Mr Parkhill said Stendhal's build-up was “like organising 50 weddings all on the same day, all with no savings and no father of the bride.”

“This puts our event in a very precarious position and is no way to return after what will be two years since an event and the corresponding trading.

He therefore said some kind of guarantee on funding was required 'within a fortnight' instead of the next scheduled full council meeting on June 29.

It's since emerged that Cloonavin's incoming and outgoing mayors have agreed add the matter to the agenda of Monday's council AGM.

It was back in March that the council voted to launch a Tourism Events Recovery Fund offering organisers assistance with costs whether their event runs this year or not.

Nine events are seeking funds totalling £396,000.

Among them are the NW200, Stendhal, NI Supercup, both Ballymoney and Limavady's agricultural shows, and Portrush's Pipe Band Tournament.

Though the hand-outs were approved at committee and full council level, call-ins have been lodged by Sinn Féin and a second group that includes independents, Alliance and SDLP members.

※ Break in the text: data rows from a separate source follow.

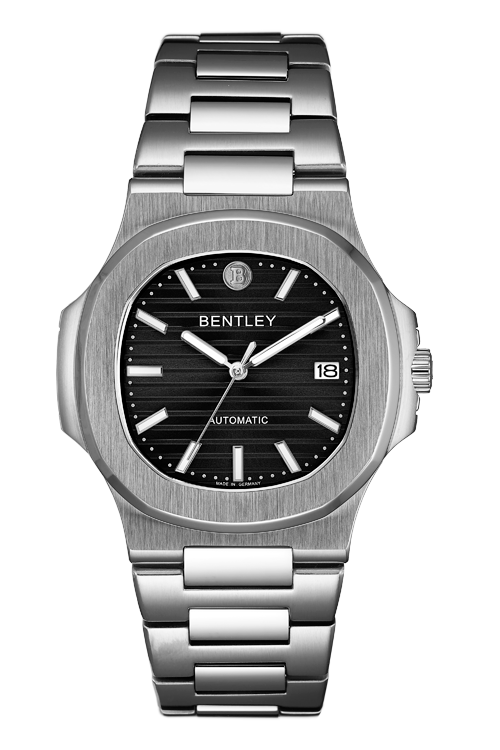 All-stainless steel 41×46.5 mm, Ø32 mm black dial, sapphire crystal, 6 mm crown, NH35 automatic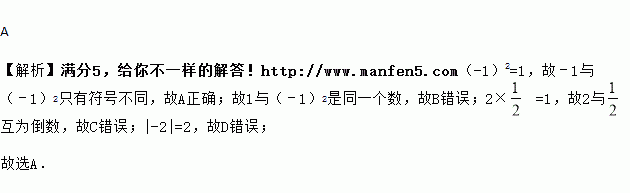 A. ﹣1与(﹣1)2 B. (﹣1)2与1 C. 2与 D. 2与|﹣2|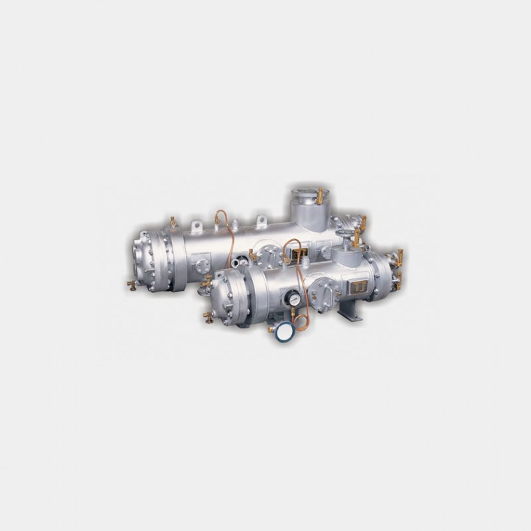 發(fā)電廠的表面冷凝器通常是直管式熱交換器。由于流體可以在同一側(cè)進(jìn)入和排出,因此通常采用兩次和四次設(shè)計(jì)。這使得結(jié)構(gòu)要簡單得多。通常有擋板引導(dǎo)流體通過殼側(cè),因此流體不會(huì)在殼側(cè)短切,導(dǎo)致無效的低流量。這些通常附著在管束上,而不是殼上,以便管束仍然可以移除以維護(hù)。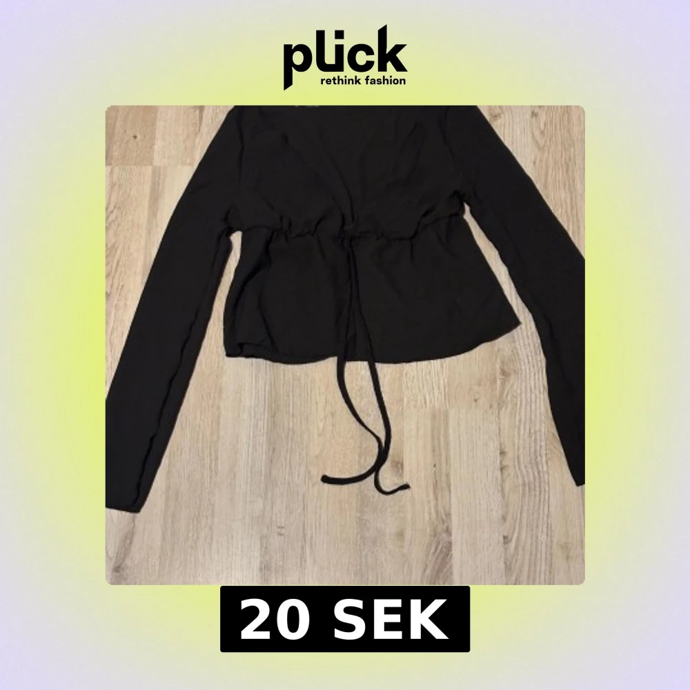 Snygg svart långärmad topp med knyt i midjan för en justerbar passform. Perfekt för en stilren look.

Sinn Féin suggested an absence of legal advice hampered 'informed decision making.'

The party said it needed clarification on whether the council was creating a 'quasi-partnership' or 'quasi-relationship' with two limited companies benefiting from the scheme.

The second challenge was submitted in the interests of 'fully informed decision making' and to allow the council 'to follow the rules on public expenditure and 'avoid legal proceedings.'

In his letter to councillors, Stendhal's Ross Parkhill suggested the urgency of the matter required a special meeting by mid-June at the very latest.

He wrote: “Via Zoom I imagine a special meeting could be done quite quickly and allow ourselves and the other great events in the region the opportunity to put our best foot forward in rebuilding our respective events/organisations following this horrible time.

“That's the leadership we need right now. We can't simply wait and see if it materialises on June 29."